Multi-channel technology
1. Spatial multiplexing on: a plurality of programs share a common set of computer hardware
2. multiplexed on time: switching state of preservation +
1. When a program encounters IO operation, the operating system will deprive cpu execute permission of the program (to improve the cpu utilization and does not affect the performance of programs)
2. When a program for a long time occupied cpu cpu operating system will deprive execute permission of the program (reducing the performance of programs)
Concurrency: Looks like you can run simultaneously
in parallel: Perform the same time the true sense of
the single-core computer can not be achieved in parallel, but can be implemented concurrently
Synchronous asynchronous: that is the task of submitting a way
sync: mission submitted after still waiting for the task and returns the result to get away before doing anything (program-level performance is stuck) during
not after job submission: asynchronous another place to wait but to the next line of code (but the result is to be used to obtain otherwise)

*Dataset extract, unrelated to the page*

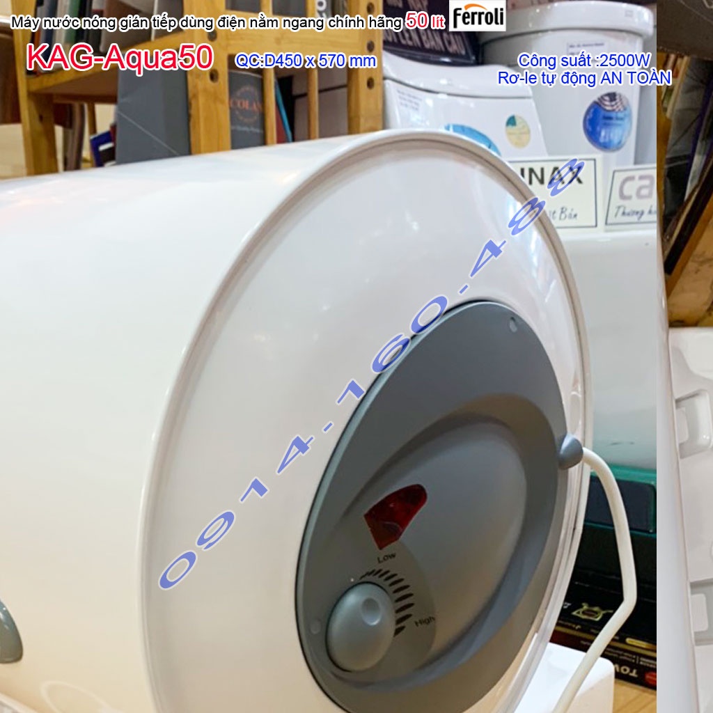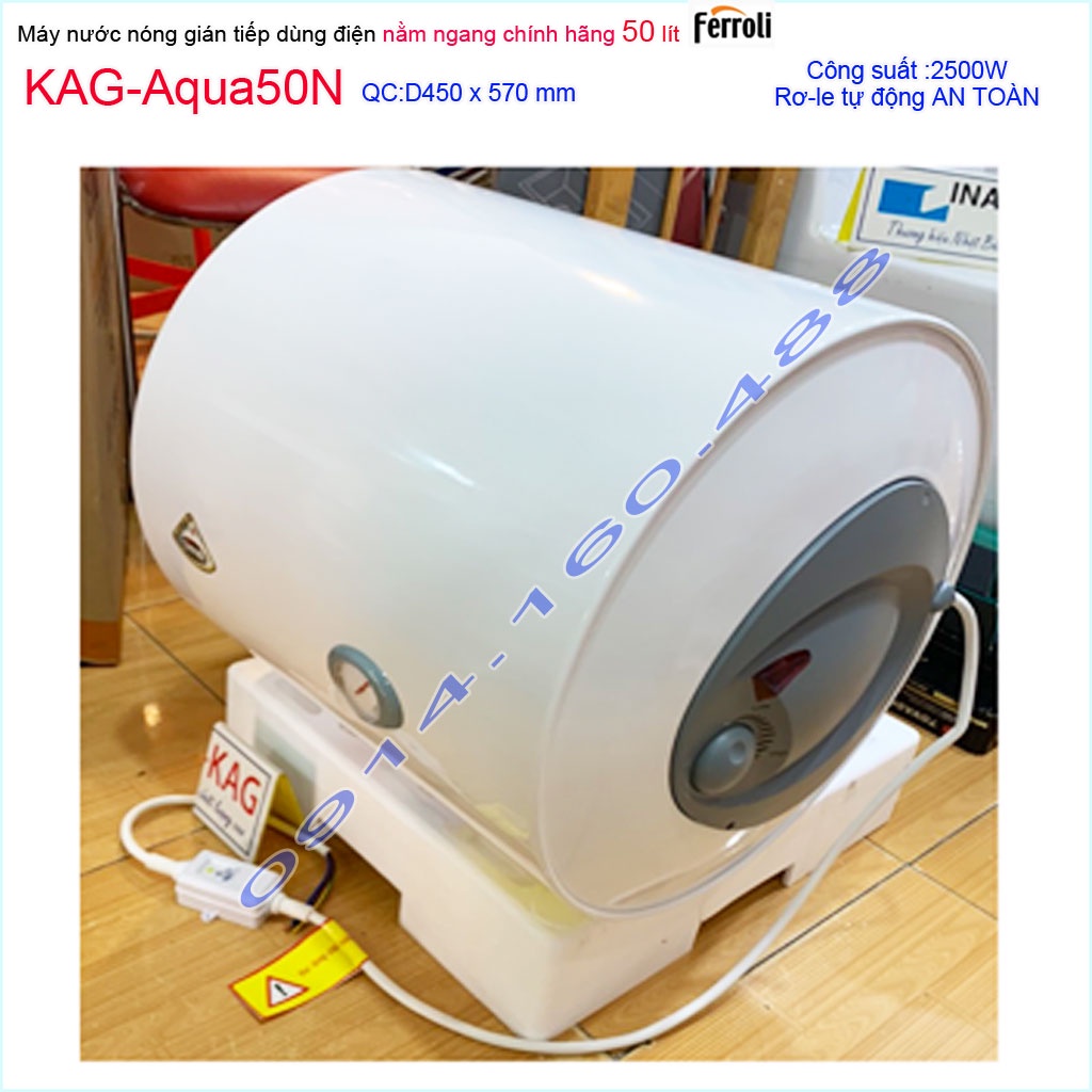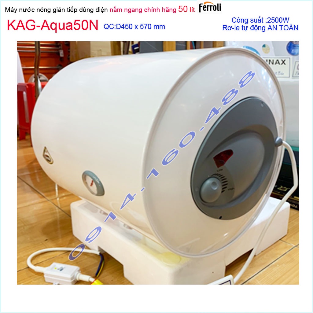 Máy nước nóng Ferroli 50 lít KAG-AQUA50N, bình nước nóng gián tiếp nằm ngang tròn D45cm chống giật hiệu suất sử dụng tốt
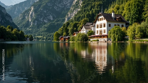© claudunia, Naklejka premium Summer landscape with a lake and a white house in Hallstatt, Austria.

Blocking non-blocking: the program running representation
blocking: blocking state
non-blocking: ready state to run state
Create a process in two ways
# Create a process code module will be performed on the way down again from the way a from multiprocessing Import Process Import Time DEF the Test (name): Print ( ' % S ' % name) the time.sleep ( 1 ) Print ( ' hi ' ) IF __name__ == ' __main__ ' : # When you create a process, '__main__' in if __name__ ==: to create within the p-Process = (= the Test target, args = ( ' Egon ' ,)) # create a process object p.start () # tell the operating system to create a process the time.sleep (1 ) Print ( ' the Hello ' ) Second way from multiprocessing import Process import time class MyClass(Process): def __init__(self,name): super().__init__() self.name = name def test(self): print('%s'%self.name) time.sleep(1) print('hi') if __name__ == '__main__': p = MyClass ( ' Egon ' ) p.start() p.test() print('gun')
After executing the method is to join a subroutine in the main program
from multiprocessing import Process import time def test(name,i): time.sleep(i) print('hello') if __name__ == '__main__': # p_list = [] # for i in range(3): # p = Process(target=test,args=('进程',i)) # p.start() # p_list.append(p) # for p in p_list: # p.join() # print('gun') p = Process(target=test,args=('egon',1)) p1 = Process(target=test,args=('jason',2)) start_time = time.time() p.start() p1.start() p.join() p1.join() print('hi') print(time.time()-start_time)
Other methods of process objects
from multiprocessing import Process,current_process import os import time def test(name): print('%s'%name,current_process().pid,'子进程%s'%os.getpid(),'父进程%s'%os.getppid()) time.sleep(2) print('hello') if __name__ == '__main__': p = Process(target=test,args=('egon',)) p.start() time.sleep(1) p.terminate () # kill the current process, in essence, is to allow the operating system to help you to kill a process the time.sleep (1 ) Print (p.is_alive ()) # judging process is alive Print ( ' Gun ' )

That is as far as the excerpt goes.